A number sign (#) is used with this entry because of evidence that autosomal recessive spastic ataxia-8 with hypomyelinating leukodystrophy (SPAX8) is caused by homozygous or compound heterozygous mutation in the NKX6-2 gene (605955) on chromosome 8q21.

Spastic ataxia-8 with hypomyelinating leukodystrophy (SPAX8) is an autosomal recessive progressive neurodegenerative disorder characterized by onset of primarily motor dysfunction within the first year of life. Affected individuals initially have hypotonia and later develop ataxia, spasticity, and a pyramidal syndrome with weakness and loss of ambulation. Other features may include dystonia, dysarthria, and abnormal eye movements. Brain imaging shows cerebellar atrophy and hypomyelinating leukodystrophy. One family with cognitive impairment has also been reported (summary by Chelban et al., 2017).

For a discussion of genetic heterogeneity of spastic ataxia, see SPAX1 (108600).

Chelban et al. (2017) reported 7 patients from 3 unrelated consanguineous families with SPAX8. The patients presented within the first year of life with a progressive neurodegenerative disorder with primarily motor features, including spasticity, ataxia, and abnormal eye movements such as nystagmus, hypometric saccades, and impaired up-gaze. Initial features included hypotonia, which developed into a pyramidal syndrome with weakness and hyperreflexia mainly involving the lower limbs, as well as truncal and limb ataxia, dysarthria, and head titubation. Several patients had cervical and/or limb dystonia. Four patients in the first 2 families were adults ranging in age from 23 to 44 years. One never achieved walking and was wheelchair-bound early in life, and another became wheelchair-bound later in life. Another member of the first family was wheelchair-bound at age 8. Five patients from the first 2 families had normal cognitive development and function, whereas 2 sibs in a consanguineous Saudi Arabian family also had severe global psychomotor delay with cognitive impairment.

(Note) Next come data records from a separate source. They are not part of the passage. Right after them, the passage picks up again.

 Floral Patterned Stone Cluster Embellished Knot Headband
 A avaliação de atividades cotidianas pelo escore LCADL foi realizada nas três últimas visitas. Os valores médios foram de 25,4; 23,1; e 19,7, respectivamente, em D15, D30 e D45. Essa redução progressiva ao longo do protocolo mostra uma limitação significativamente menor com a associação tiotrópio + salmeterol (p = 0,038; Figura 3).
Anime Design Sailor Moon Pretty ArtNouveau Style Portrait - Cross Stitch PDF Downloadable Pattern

Brain imaging showed cerebellar atrophy and hypomyelinating leukodystrophy in all patients tested. None had sensory deficits, and nerve conduction velocities performed in 1 family were normal.

Dorboz et al. (2017) reported 5 patients, including 2 sib pairs, from 3 unrelated families with SPAX8. Four patients were alive at ages 2 to 8 years; the fifth patient died at age 16.5 months due to respiratory failure. Four of the patients presented with nystagmus between 1 and 3 months of age, and 1 patient presented with gross motor delay at 6 months of age. Development was normal in the newborn period in 2 patients, until 3 months of age in 2 patients, and until 6 months of age in 1 patient. All of the patients developed spasticity between 6 and 9 months of age, 4 developed hypotonia between 3 and 6 months of age, and 3 developed severe dystonia between 8 and 12 months of age. Four patients had optic nerve pallor, and 3 patients required a gastrostomy for poor feeding. At last examination, the 4 living patients had severely impaired motor and cognitive development. Only 1 patient acquired speech and could say single words. Brain MRIs demonstrated structurally normal, hypomyelinated brains in all of the patients. Brain MRIs showed abnormal signal in the thalamus in 4 patients, atrophy of the cerebellar vermis in 2 patients, and diffuse atrophy of the cerebellum in 1 patient.

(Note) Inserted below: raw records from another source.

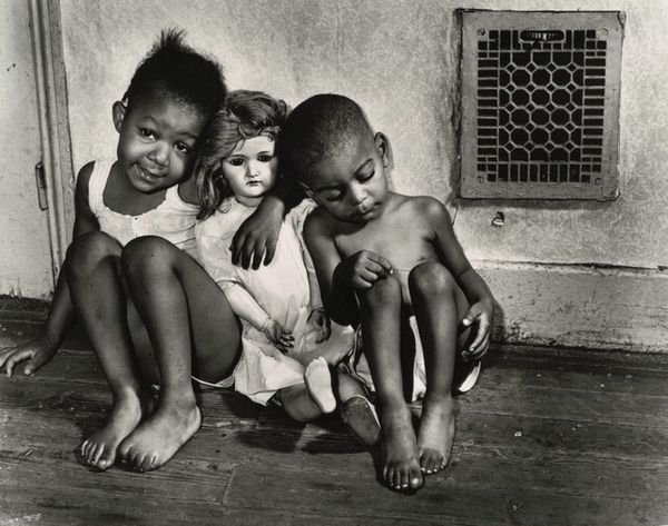 Curator: Gosh, this one gives me such a mixed bag of feelings, all tangled up like kite strings after a storm. Editor: We’re looking at an untitled, undated c-print photograph—scholars place it circa 1971—by William Eggleston. What evokes such a strong emotional response for you? Curator: It's those children. The clarity and vibrancy of the color make it feel like they're standing right in front of me, you know? But the way they’re placed in this vast, almost dreamlike landscape—there’s something so bittersweet about it. That huge expanse of the cotton field right behind them looms, not in a good way. Editor: Right. Eggleston is often credited with legitimizing color photography as a fine art form. But beyond aesthetics, this photograph captures a critical moment in America's agricultural and racial history. The setting appears to be the Mississippi Delta, historically reliant on enslaved labor, and later, exploited sharecropping systems, primarily Black communities. Those fields weren’t always for joy. Curator: Exactly! The contrast is sharp as a tack. These kids, dressed in their Sunday best, stand before a history of oppression. Their gaze meets ours directly; no room to squirm, and it really lands hard on the soul. And what is their relationship to those fields? Editor: Considering Eggleston's artistic vision, which often seeks to find beauty in the mundane, the everyday, one can wonder if he wanted to bring the everyday reality of these kids' lives—inextricably connected to this complicated history of agriculture—to the fore. It challenges the viewer to confront these hard realities. Curator: And he's brilliant at it! The composition is deceptive. Casual, almost snapshot-like, but deliberate and complex in what it conveys. All the green with spots of gold on this dry field makes you wanna reach out and touch something, anything. Editor: It's a powerful statement. The photograph uses a seemingly ordinary scene to spark discussions about power, history, and identity. What’s your biggest takeaway, after considering it from this lens? Curator: Well, seeing those kids' faces framed by that landscape makes me question my own position, you know? It's like, what am I looking at, and what am I *not* seeing? It's an unsettling and beautiful question. Editor: Precisely. Art should make us question, engage, and perhaps, act. Thank you for your reflections.
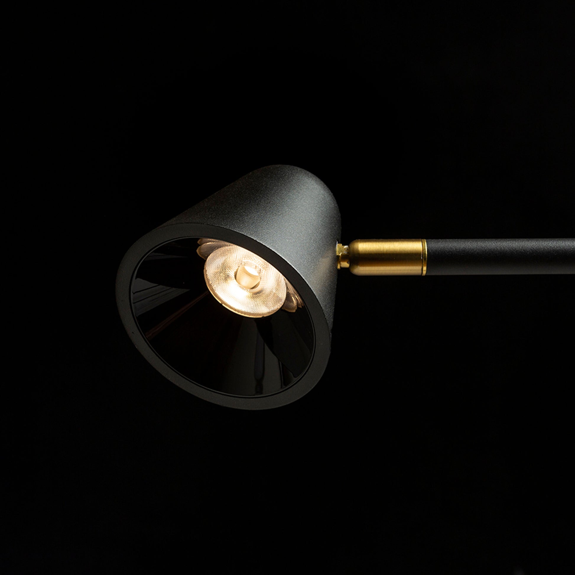 En elegant LED gulvlampe i sort, med messingfarvet led. Du kan justere
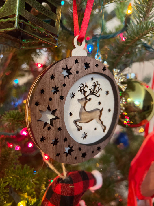 Reindeer Wooden 3D Ornament | Walnut and Maple | Laser Cut and Engraved
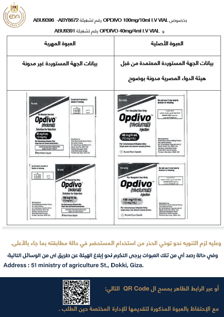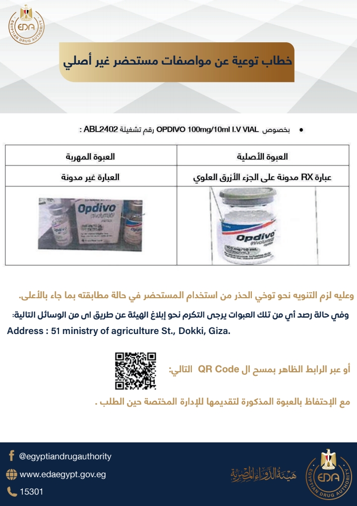 أصدرت هيئة الدواء المصرية خطاب توعية عن مواصفات مستحضر غير أصلي ومهرب في السوق، وهو مستحضر OPDIVO لعلاج السرطان.
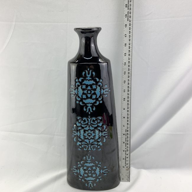 Current Bid: $7.00 [Refresh Price]YOU WILL NEED TO REFRESH THIS PAGE TO SEE UPDATED BID (Log in and this will update automatically) You must LOG IN or REGISTER to see this full page auction listing and bid. Auction is Over Winning Bid Amount: $7.00 **Lot Details: (LOT: U153) - An 18 inch tall designer vase of cobalt blue woth Moroccan tile style geometric designs in a lighter blue. Perfect for dried flowers or fresh. No chips or cracks. No makers mark, but appears to be pottery from looki... Log in to add this lot to your watch list or place a bid |

The transmission pattern of SPAX8 in the families reported by Chelban et al. (2017) was consistent with autosomal recessive inheritance.

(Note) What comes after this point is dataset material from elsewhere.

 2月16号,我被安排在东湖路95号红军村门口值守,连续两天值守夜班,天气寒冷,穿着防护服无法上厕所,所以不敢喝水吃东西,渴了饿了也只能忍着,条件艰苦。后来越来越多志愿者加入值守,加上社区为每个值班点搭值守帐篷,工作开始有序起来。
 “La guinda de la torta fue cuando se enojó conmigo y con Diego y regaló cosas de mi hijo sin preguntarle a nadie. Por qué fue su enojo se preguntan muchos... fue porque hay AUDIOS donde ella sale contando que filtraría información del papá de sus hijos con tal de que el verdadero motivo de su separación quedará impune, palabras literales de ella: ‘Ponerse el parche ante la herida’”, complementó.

In 7 patients from 3 unrelated families with SPAX8, Chelban et al. (2017) identified homozygous mutations in the NKX6-2 gene (K41X, 605955.0001 and L163V, 605955.0002). The mutations, which were found by exome sequencing, segregated with the disorder in the families. Cells from a patient with the nonsense mutation showed absence of the truncated protein, consistent with a complete loss of function; functional studies and studies of patient cells with the missense mutation were not performed. Using in silico analysis, gene-regulatory networks, and coexpression data in humans, Chelban et al. (2017) concluded that NKX6-2 is involved in the genesis and development of oligodendrocytes.

Dorboz et al. (2017) identified biallelic mutations in the NKX6-2 gene in 5 patients, including 2 sib pairs, from 3 unrelated families with SPAX8. The patients from families 1 and 2 had homozygous mutations (605955.0003 and 605955.0004) and the sibs from family 3 had compound heterozygous mutations (605955.0005 and 605955.0006). The mutations were identified by whole-exome sequencing. Functional studies in patient cells were not performed.

Southwood et al. (2004) found that Nkx6-2-null mice had deficits in motor coordination and nerve conduction in the central nervous system. These abnormalities were associated with myelination defects at paranodal junctions, particularly in the optic nerve, and aberrant expression of downstream genes involved in cytoskeletal and cell adhesion functions. The findings suggested a role for Nkx6-2 in the regulation of axon-glial interactions at myelin paranodes.